■ WHAT YOU WILL DO:
Give a count of the lines below that have the string "from" in them, with no other words.

■ PROVIDED ENTRIES:

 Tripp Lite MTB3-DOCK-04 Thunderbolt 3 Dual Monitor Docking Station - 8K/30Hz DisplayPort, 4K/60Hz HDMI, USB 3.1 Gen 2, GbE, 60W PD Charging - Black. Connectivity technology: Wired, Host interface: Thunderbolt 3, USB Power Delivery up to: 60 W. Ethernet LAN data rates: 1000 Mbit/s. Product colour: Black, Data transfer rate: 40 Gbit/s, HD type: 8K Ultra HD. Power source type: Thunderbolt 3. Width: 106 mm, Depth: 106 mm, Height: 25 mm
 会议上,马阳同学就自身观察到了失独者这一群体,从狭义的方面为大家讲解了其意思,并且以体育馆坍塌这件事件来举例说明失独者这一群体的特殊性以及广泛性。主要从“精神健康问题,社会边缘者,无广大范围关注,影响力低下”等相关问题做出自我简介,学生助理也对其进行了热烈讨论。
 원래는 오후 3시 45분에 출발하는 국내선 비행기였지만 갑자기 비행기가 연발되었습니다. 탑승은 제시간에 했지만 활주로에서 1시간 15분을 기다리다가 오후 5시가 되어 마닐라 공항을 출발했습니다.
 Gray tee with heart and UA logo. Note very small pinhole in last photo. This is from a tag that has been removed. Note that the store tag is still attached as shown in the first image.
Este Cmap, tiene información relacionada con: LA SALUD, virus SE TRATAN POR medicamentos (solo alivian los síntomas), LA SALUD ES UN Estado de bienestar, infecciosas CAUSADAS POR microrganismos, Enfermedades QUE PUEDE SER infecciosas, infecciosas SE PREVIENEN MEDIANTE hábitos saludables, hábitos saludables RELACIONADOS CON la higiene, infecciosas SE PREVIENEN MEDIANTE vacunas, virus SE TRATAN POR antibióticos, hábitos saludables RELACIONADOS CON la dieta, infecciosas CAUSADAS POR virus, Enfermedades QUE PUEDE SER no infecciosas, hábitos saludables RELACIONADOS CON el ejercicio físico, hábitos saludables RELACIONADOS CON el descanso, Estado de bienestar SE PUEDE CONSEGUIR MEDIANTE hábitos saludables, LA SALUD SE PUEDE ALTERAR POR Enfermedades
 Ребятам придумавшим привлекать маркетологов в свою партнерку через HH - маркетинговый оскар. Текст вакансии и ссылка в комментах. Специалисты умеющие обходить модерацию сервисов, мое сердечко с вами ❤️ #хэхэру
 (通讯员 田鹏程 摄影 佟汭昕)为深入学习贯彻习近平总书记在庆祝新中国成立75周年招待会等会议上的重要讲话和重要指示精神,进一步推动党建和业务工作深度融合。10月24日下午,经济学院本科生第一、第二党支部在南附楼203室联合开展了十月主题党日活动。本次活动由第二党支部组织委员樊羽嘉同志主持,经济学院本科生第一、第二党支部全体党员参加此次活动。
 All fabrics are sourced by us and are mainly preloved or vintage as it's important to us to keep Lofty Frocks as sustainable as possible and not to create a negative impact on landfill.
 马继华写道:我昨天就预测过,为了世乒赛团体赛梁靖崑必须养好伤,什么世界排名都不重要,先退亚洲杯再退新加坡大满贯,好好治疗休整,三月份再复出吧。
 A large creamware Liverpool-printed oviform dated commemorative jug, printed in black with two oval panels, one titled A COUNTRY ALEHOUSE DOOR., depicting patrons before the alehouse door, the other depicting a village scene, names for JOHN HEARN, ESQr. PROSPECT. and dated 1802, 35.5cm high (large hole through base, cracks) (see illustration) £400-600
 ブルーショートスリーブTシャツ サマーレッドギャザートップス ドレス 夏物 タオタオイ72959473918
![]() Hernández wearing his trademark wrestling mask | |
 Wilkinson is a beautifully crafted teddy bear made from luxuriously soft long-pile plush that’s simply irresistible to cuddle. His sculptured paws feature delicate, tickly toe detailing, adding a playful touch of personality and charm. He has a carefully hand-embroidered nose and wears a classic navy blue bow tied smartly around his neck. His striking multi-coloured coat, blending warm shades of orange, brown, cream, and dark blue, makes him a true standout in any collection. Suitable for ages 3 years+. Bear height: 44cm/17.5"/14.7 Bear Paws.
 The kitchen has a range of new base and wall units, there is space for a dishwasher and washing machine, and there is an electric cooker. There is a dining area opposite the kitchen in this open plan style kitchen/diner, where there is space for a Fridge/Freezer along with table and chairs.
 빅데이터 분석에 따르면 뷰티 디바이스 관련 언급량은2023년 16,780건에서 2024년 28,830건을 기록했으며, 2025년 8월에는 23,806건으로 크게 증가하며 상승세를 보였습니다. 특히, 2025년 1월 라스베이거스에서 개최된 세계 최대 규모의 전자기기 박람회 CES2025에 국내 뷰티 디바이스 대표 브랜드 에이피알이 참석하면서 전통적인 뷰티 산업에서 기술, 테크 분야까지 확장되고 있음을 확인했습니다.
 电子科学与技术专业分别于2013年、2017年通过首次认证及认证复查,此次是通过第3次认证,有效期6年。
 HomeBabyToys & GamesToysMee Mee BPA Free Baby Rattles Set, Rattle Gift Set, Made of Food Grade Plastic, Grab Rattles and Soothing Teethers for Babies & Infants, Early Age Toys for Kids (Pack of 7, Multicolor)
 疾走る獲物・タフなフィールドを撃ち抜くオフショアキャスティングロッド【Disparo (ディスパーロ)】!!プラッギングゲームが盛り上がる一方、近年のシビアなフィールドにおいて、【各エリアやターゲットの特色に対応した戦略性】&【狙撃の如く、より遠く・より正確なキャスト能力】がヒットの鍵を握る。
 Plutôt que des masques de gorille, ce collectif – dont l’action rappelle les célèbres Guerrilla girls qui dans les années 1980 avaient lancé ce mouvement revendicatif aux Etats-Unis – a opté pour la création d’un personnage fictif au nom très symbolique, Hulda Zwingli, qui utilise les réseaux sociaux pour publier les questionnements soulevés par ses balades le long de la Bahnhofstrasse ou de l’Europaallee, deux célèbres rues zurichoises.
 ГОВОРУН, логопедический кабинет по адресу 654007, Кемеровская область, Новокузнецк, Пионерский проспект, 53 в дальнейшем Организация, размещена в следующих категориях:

■ WRITTEN SOLUTION:
2